Такой отвагой обладал Игорь Шамо, причем некоторая доля мужества понадобилась ему и на превозмогание ситуации, когда в эпоху полуофициального антисемитизма еврею позволялось быть популярным, но нельзя было быть выдающимся. На всем, что выходило из-под пера Маэстро — пьесы ли для фортепиано или музыка к кино, телефильмам и театральным спектаклям, оркестровые опусы или песни, которые в сознании «масс» существовали как народные, — на всем этом лежала печать безукоризненного вкуса и высокого профессионализма, без сюсюкающего заигрывания со слушателем и спекулятивного надрыва. При этом музыке Шамо присуще особое свойство, которое не имеет названия, но создает впечатление, будто автор не испытывал никаких трудностей в процессе ее создания: эта музыка как бы сама собой, свободным и легким потоком изливалась на нотную бумагу...
Итак, свобода и легкость... Принято полагать, что художник каков в жизни, таков и в творчестве.
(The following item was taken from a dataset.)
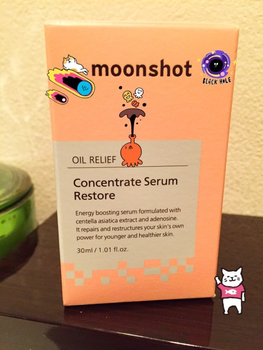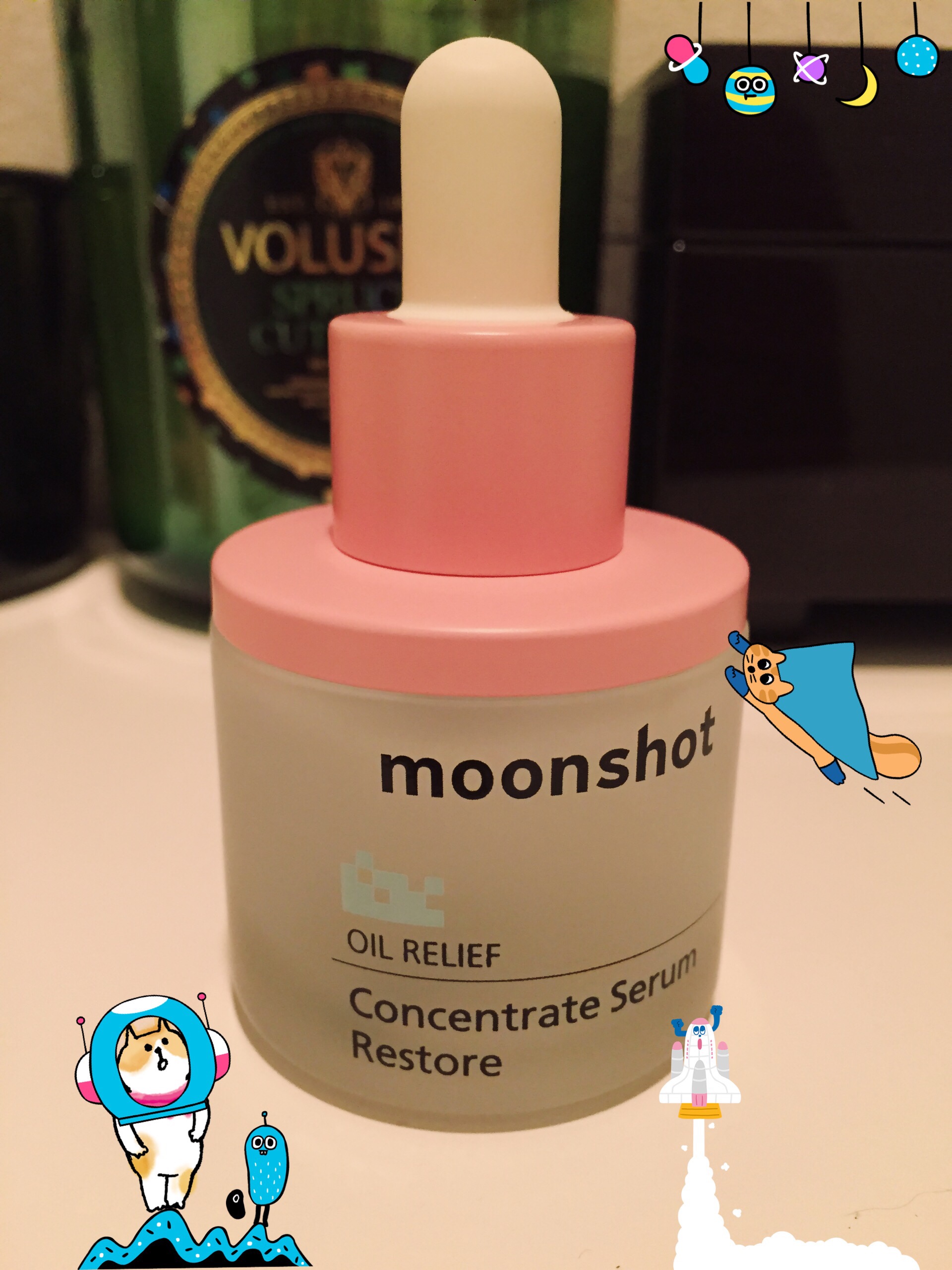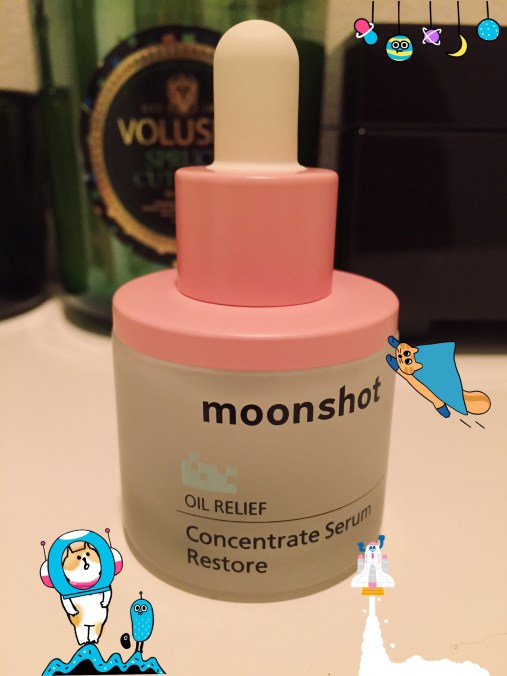 As for the other claims? Zero observable differences in skin. It’s a super clear serum of medium viscosity, the product amount doesn’t last super long (although I do over-use products,) and the full price is $48 (http://en.moonshot-cosmetics.com/condition/line/oil-relief/concentrate-serum-restore.html) which is LUNA-CY!

Был ли Игорь Шамо свободен? Да — насколько можно было быть свободным в воспитательно-трудовом лагере под названием Советский Союз. Был ли он легким? О, нет. Характер у него был сложным, но тот, кто встречал композитора с легким характером, пусть поднимет руку. Впрочем, особенности непростых характеров рождают подчас ситуации не только драматические, но и вполне забавные.
...Улица Пушкинская, солнечный весенний день, случайная встреча у Дома композиторов. «Знаете ли, мне ровно пятьдесят. Уже изданы избранные мои сочинения, но еще не вышло ни одной авторской пластинки. Не откажете ли собрать оркестр и сделать запись? С «Мелодией» все договорено; если согласитесь, партитуры завтра же будут у вас...».
Разумеется, с готовностью соглашаюсь, но уже вслед за этим узнаю, что я не первый дирижер, получивший это предложение. Перед этим два оркестра отказались от заманчивого предложения, напуганные якобы «невыносимым» характером автора, который на репетициях требует от музыкантов невозможного, притом эти требования будто бы выглядят не очень галантными. Однако отступать не хочется. Надо приниматься за дело, и, прежде всего, позаботиться о том, чтобы репетиции прошли без «стычек» оркестра с композитором. И я ставлю перед Игорем Наумовичем дерзкое условие: не присутствовать на репетициях! Ну, разве что на самой последней... Начинаются сложные переговоры; наконец, заключено соглашение: автор на репетициях присутствует, но обязуется пребывать в последнем ряду концертного зала и ни под каким предлогом не приближаться к оркестру.
И вот — Колонный зал. Как пишут начинающие журналистки, «дирижер взмахнул палочкой — и полились волшебные звуки музыки». Однако не проходит и пяти минут, как Игорь Наумович вскакивает со своего кресла и устремляется к сцене, при этом выражение его лица не обещает пакет комплиментов. И действительно, приблизившись к группе первых скрипок, грозный композитор жестом прерывает музицирование и вопрошает: «Это что такое? Это разве трель?» — и затем саркастически передразнивает скрипачей, трель которых, на его взгляд, слишком ленива. В оркестре воцаряется тишина; скрипачи затаились, но я почти вижу, как на их коже вырастают иглы.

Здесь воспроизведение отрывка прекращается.